Back in the days similar generalization was used for Deep Blue chess computer. Computer won in 1997, but the AGI abyss is still as big.

28. imperfect_light ◴[] No.40714424{7}[source]
You're reading a whole lot into a tweet, in his interview with Dwarkesh Patel he says, about 20 different times, that scaling LLMs (as they are currently conceived) won't lead to AGI.
replies(1): >>40714964 #
29. anoncareer0212 ◴[] No.40714964{8}[source]

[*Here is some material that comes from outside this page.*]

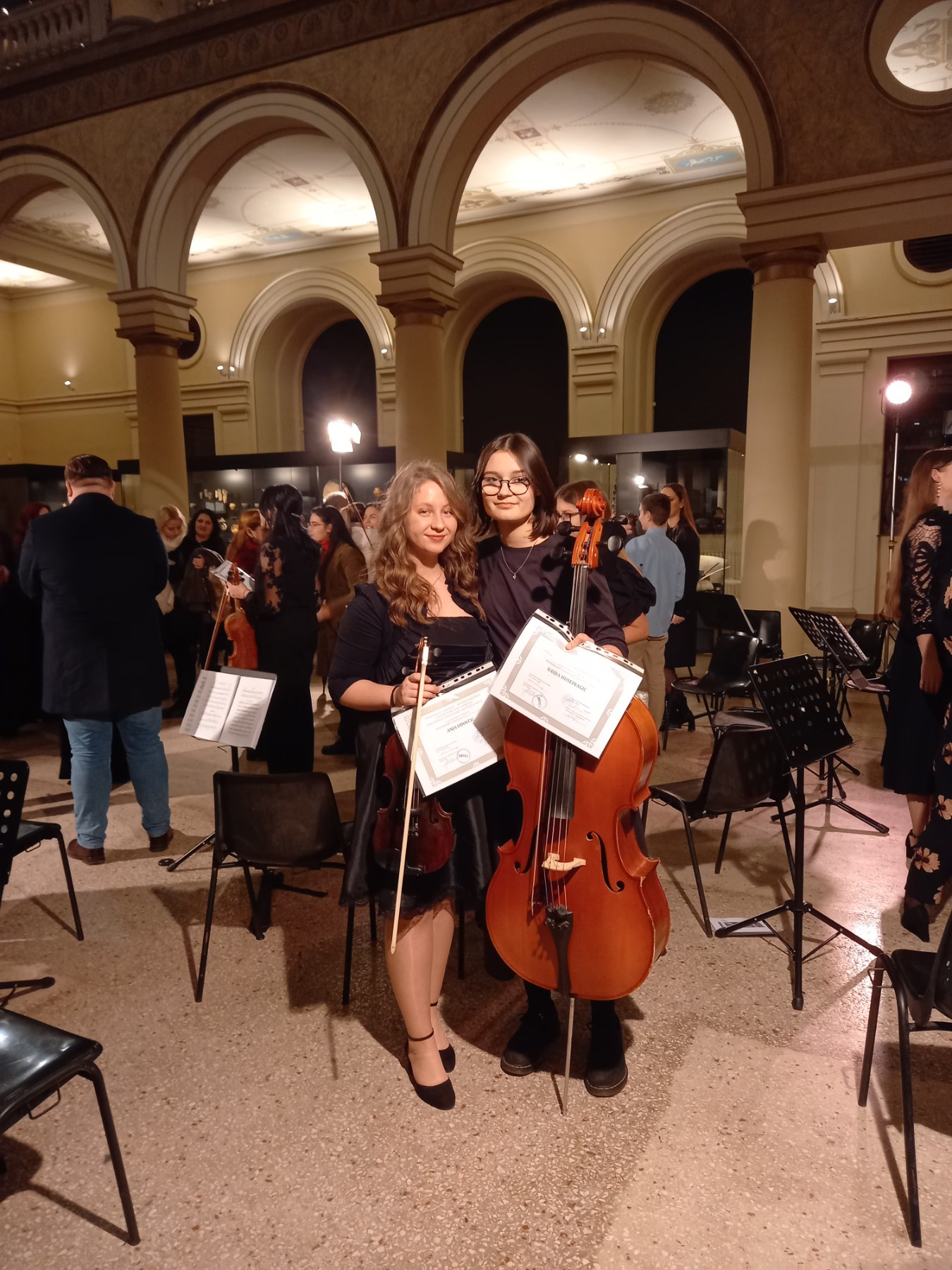 Kao mladi virtuozi Srednje muzičke škole u Zenici Naida Huseinagić (violončelo), Eva Čalija (violončelo) i Anja Udovčić (violina) pridružile su se članovima orkestra Muzičkog kampa za mlade virtuoze koji je održao koncert “Vivaldi- Četiri godišnja doba” u Zemaljskom muzeju BiH u Sarajevu.

You keep changing topics so I don't get it either, I can attest it's not a fringe view that the situation is interesting, seen it discussed several times today by unrelated people.
replies(1): >>40720617 #
30. imperfect_light ◴[] No.40720617{9}[source]
He's said it pretty clearly, an LLM could be part of the solution in combination with program synthesis, but an LLM alone won't achieve AGI.
31. mrtranscendence ◴[] No.40720903[source]
Sometimes, when I'm undertaking the arduous work of assigning probabilities to everything I could possibly say next in a conversation, I wish that I weren't merely a stochastic autoregressive next-token generator. Them's the breaks, though.
32. gwern ◴[] No.40729440{4}[source]
Well, that's true inasmuch as every other prediction did far worse. Saying ARC did the best is passing a low bar when your competition is people like Gary Marcus or HNers saying 'yeah but no scaled-up GPT-3 could ever write a whole program'...

But since ARC was from the start clearly a vision task - most of these transforms or rules make no sense without a visual geometric prior - it wasn't that convincing, and we see plenty of progress with LLMs.